> _Recorded data_:
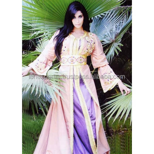 Caftan moderne islamique deux pièces pour femmes avec combinaison rose et violet avec broderie sur le dessus et les manches avec ceinture
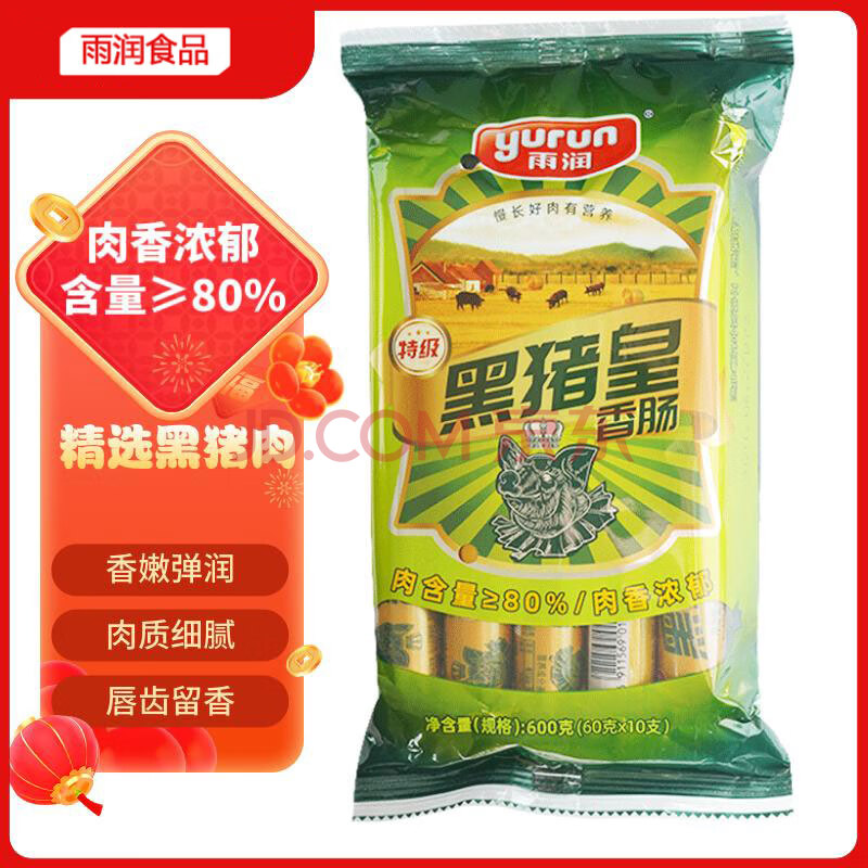 商品名称:雨润 王中王 黑猪皇特级香肠火腿肠60g×10支/袋 含肉量≥80%
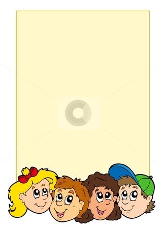 Kids picture frame clip art: Frame with various kids faces
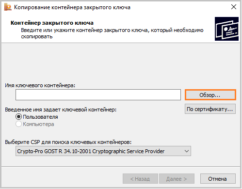 В окне «Копирование контейнера закрытого ключа» нажмите на кнопку «Обзор».
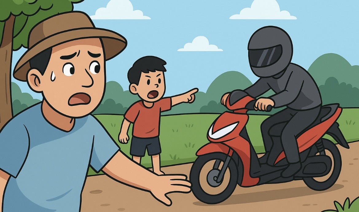 Motor tersebut masih dalam keadaan kunci kontak menempel. Anak korban yang berusia 7 tahun bahkan sempat berteriak melihat pelaku beraksi.
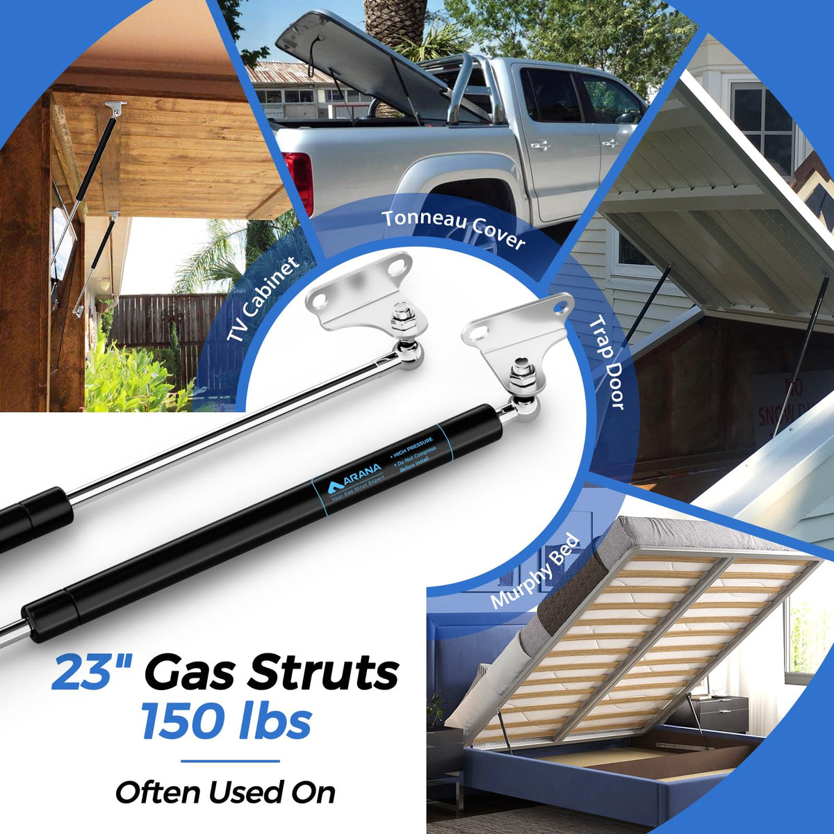 Q: What is the extended and compressed length of these gas struts?A: The extended length of the ARANA 23 inch gas struts is 22.7 inches (576 mm), while the compressed length is 13.6 inches (345 mm). This makes them suitable for a wide range of applications requiring lift support.
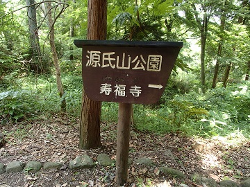 階段を上った源氏山山頂は、祠があるだけでひっそりとしています。周囲にはアジサイが植えられています。
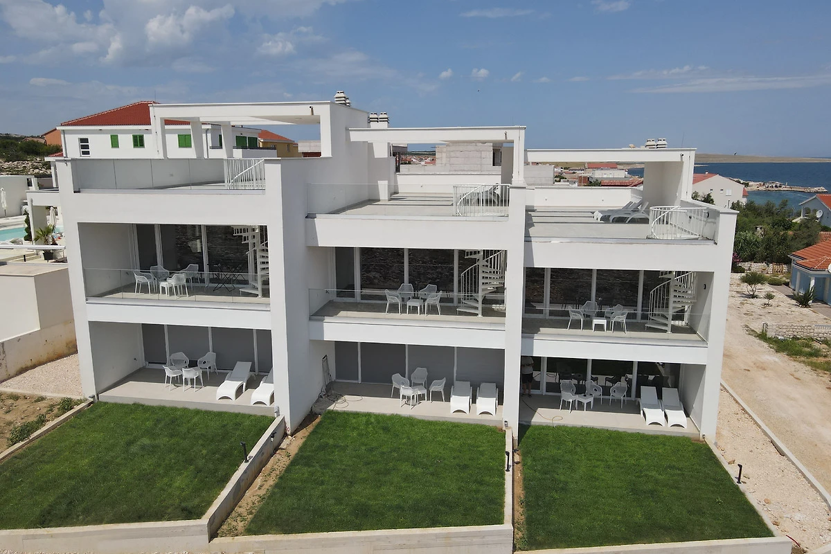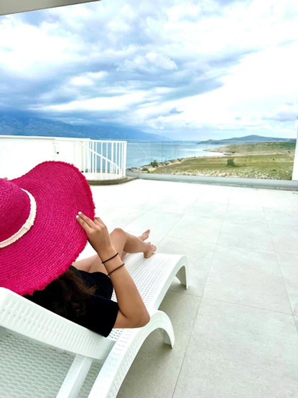 gelangt man auf die 90m² grosse Dachterrasse. Der unverbaute Rundumblick über die Adria und das Velebitgebirge
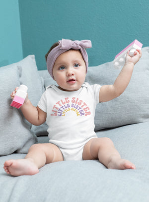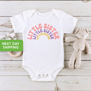 Little Sister OnesieĀ®, Retro Baby Announcement Bodysuit, Girls Baby OnesieĀ®, Second Pregnancy Announcement
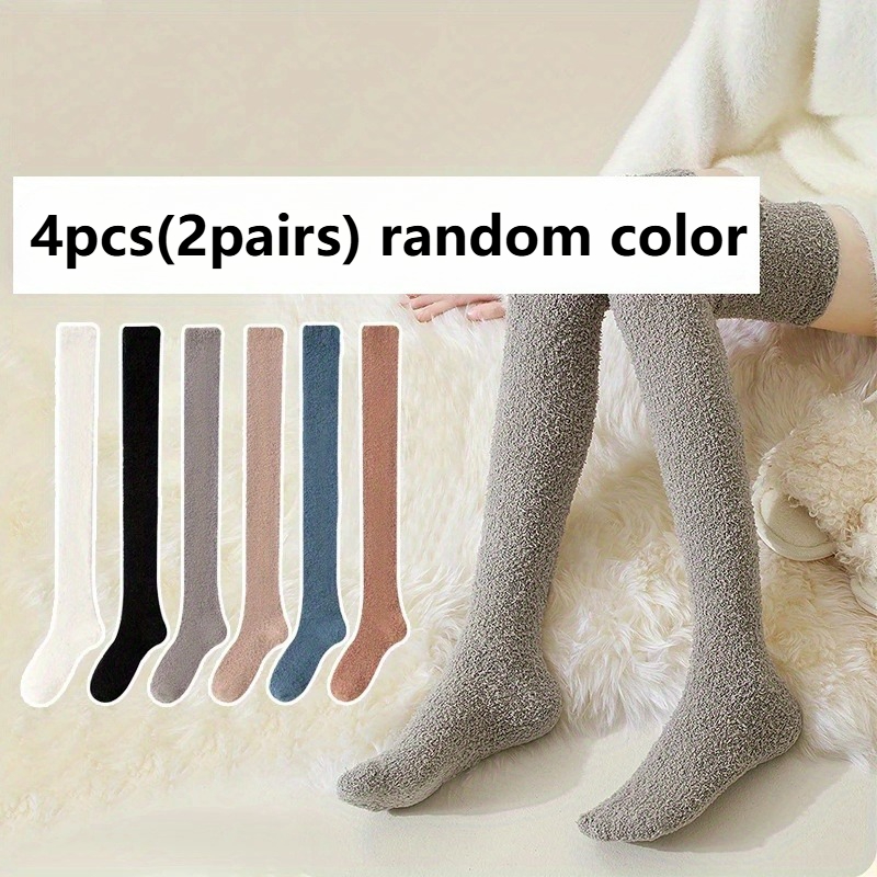 TEMU 여성용 겨울용 따뜻한 플러시 무릎 위 (OTK) 양말 4개 - 두꺼운 아늑한 컬러 긴 스타킹, 실내/야외, 날씨 및 선물용

> _Assigned task_: Apart from its pictures, the material above should be repeated exactly.

> _Written solution_:
 Caftan moderne islamique deux pièces pour femmes avec combinaison rose et violet avec broderie sur le dessus et les manches avec ceinture
 商品名称:雨润 王中王 黑猪皇特级香肠火腿肠60g×10支/袋 含肉量≥80%
 Kids picture frame clip art: Frame with various kids faces
 В окне «Копирование контейнера закрытого ключа» нажмите на кнопку «Обзор».
 Motor tersebut masih dalam keadaan kunci kontak menempel. Anak korban yang berusia 7 tahun bahkan sempat berteriak melihat pelaku beraksi.
 Q: What is the extended and compressed length of these gas struts?A: The extended length of the ARANA 23 inch gas struts is 22.7 inches (576 mm), while the compressed length is 13.6 inches (345 mm). This makes them suitable for a wide range of applications requiring lift support.
 階段を上った源氏山山頂は、祠があるだけでひっそりとしています。周囲にはアジサイが植えられています。
 gelangt man auf die 90m² grosse Dachterrasse. Der unverbaute Rundumblick über die Adria und das Velebitgebirge
 Little Sister OnesieĀ®, Retro Baby Announcement Bodysuit, Girls Baby OnesieĀ®, Second Pregnancy Announcement
 TEMU 여성용 겨울용 따뜻한 플러시 무릎 위 (OTK) 양말 4개 - 두꺼운 아늑한 컬러 긴 스타킹, 실내/야외, 날씨 및 선물용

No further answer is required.